(Information provided):
========
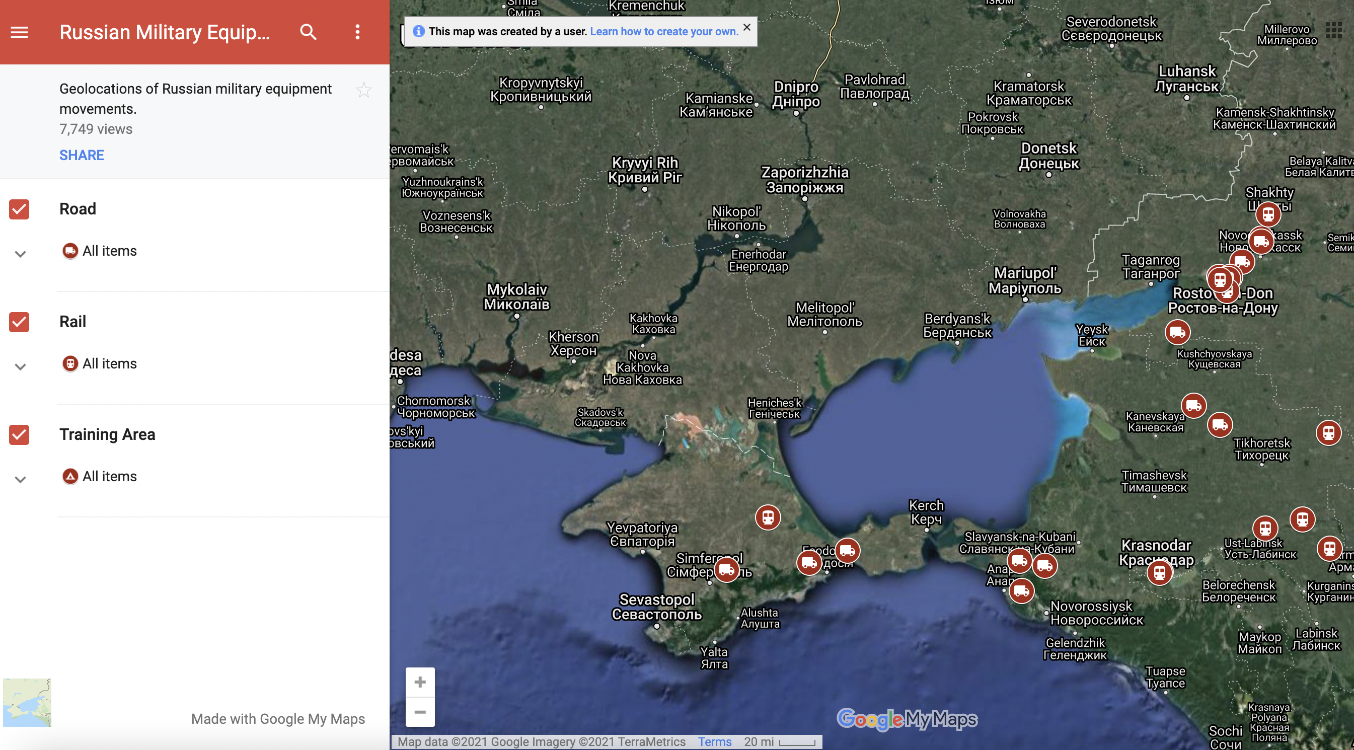 Geolocations of Russian military equipment movements on the borders of Ukraine: an interactive map
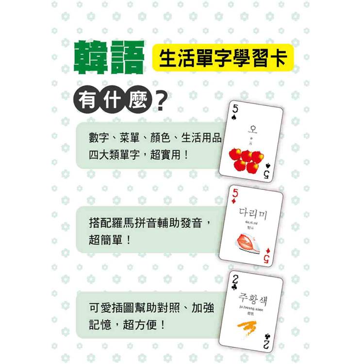 打開撲克牌玩一玩!每張撲克牌都有韓語、中文解釋,搭配羅馬拼音輔助發音,只要跟著讀、照著唸,韓語一點都不難!
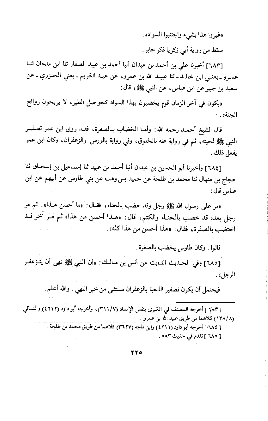 550 - أَخْبَرَنَا عَلِيُّ بْنُ أَحْمَدَ بْنِ عَبْدَانَ، أَنْبَأَنَا أَحْمَدُ بْنُ عُبَيْدٍ الصَّفَّارُ، حَدَّثَنَا ابْنُ مِلْحَانَ، حَدَّثَنَا عَمْرٌو يَعْنِي ابْنَ خَالِدٍ، حَدَّثَنَا عُبَيْدُ اللَّهِ بْنُ عَمْرٍو، عَنْ عَبْدِ الْكَرِيمِ يَعْنِي الْجَزَرِيَّ عَنْ سَعِيدِ بْنِ جُبَيْرٍ، عَنِ ابْنِ عَبَّاسٍ عَنِ النَّبِيِّ صَلَّى اللَّهُ عَلَيْهِ وَسَلَّمَ قَالَ: §«يَكُونُ فِي آخِرِ الزَّمَانِ قَوْمٌ يَخْضِبُونَ بِهَذَا السَّوَادِ كَحَوَاصِلِ الطَّيْرِ، لَا يَرِيحُونَ رَوَائِحَ الْجَنَّةِ» . قَالَ الشَّيْخُ أَحْمَدُ رَحِمَهُ اللَّهُ: وَأَمَّا الْخِضَابُ بِالصُّفْرَةِ، فَقَدْ رَوَى ابْنُ عُمَرَ تَصْفِيرُ النَّبِيِّ صَلَّى اللَّهُ عَلَيْهِ وَسَلَّمَ لِحْيَتَهُ، ثُمَّ فِي رِوَايَةٍ عَنْهُ بِالْخَلُوقِ، وَفِي رِوَايَةٍ بِالْوَرْسِ وَالزَّعْفَرَانِ، وَكَانَ ابْنُ عُمَرَ يَفْعَلُ ذَلِكَ
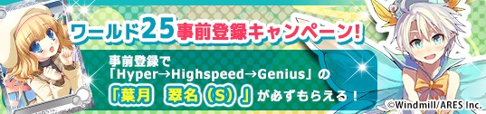 期間中に「メガミエンゲイジ!」ワールド25に事前登録していただいたユーザー全員に【ういんどみる】の人気作「Hyper→Highspeed→Genius』の「葉月 翠名(S)」をプレゼントします!
========
(Task directions): Without including any picture, write out the material above verbatim.

(Response for this exercise):
 Geolocations of Russian military equipment movements on the borders of Ukraine: an interactive map
 打開撲克牌玩一玩!每張撲克牌都有韓語、中文解釋,搭配羅馬拼音輔助發音,只要跟著讀、照著唸,韓語一點都不難!
 550 - أَخْبَرَنَا عَلِيُّ بْنُ أَحْمَدَ بْنِ عَبْدَانَ، أَنْبَأَنَا أَحْمَدُ بْنُ عُبَيْدٍ الصَّفَّارُ، حَدَّثَنَا ابْنُ مِلْحَانَ، حَدَّثَنَا عَمْرٌو يَعْنِي ابْنَ خَالِدٍ، حَدَّثَنَا عُبَيْدُ اللَّهِ بْنُ عَمْرٍو، عَنْ عَبْدِ الْكَرِيمِ يَعْنِي الْجَزَرِيَّ عَنْ سَعِيدِ بْنِ جُبَيْرٍ، عَنِ ابْنِ عَبَّاسٍ عَنِ النَّبِيِّ صَلَّى اللَّهُ عَلَيْهِ وَسَلَّمَ قَالَ: §«يَكُونُ فِي آخِرِ الزَّمَانِ قَوْمٌ يَخْضِبُونَ بِهَذَا السَّوَادِ كَحَوَاصِلِ الطَّيْرِ، لَا يَرِيحُونَ رَوَائِحَ الْجَنَّةِ» . قَالَ الشَّيْخُ أَحْمَدُ رَحِمَهُ اللَّهُ: وَأَمَّا الْخِضَابُ بِالصُّفْرَةِ، فَقَدْ رَوَى ابْنُ عُمَرَ تَصْفِيرُ النَّبِيِّ صَلَّى اللَّهُ عَلَيْهِ وَسَلَّمَ لِحْيَتَهُ، ثُمَّ فِي رِوَايَةٍ عَنْهُ بِالْخَلُوقِ، وَفِي رِوَايَةٍ بِالْوَرْسِ وَالزَّعْفَرَانِ، وَكَانَ ابْنُ عُمَرَ يَفْعَلُ ذَلِكَ
 期間中に「メガミエンゲイジ!」ワールド25に事前登録していただいたユーザー全員に【ういんどみる】の人気作「Hyper→Highspeed→Genius』の「葉月 翠名(S)」をプレゼントします!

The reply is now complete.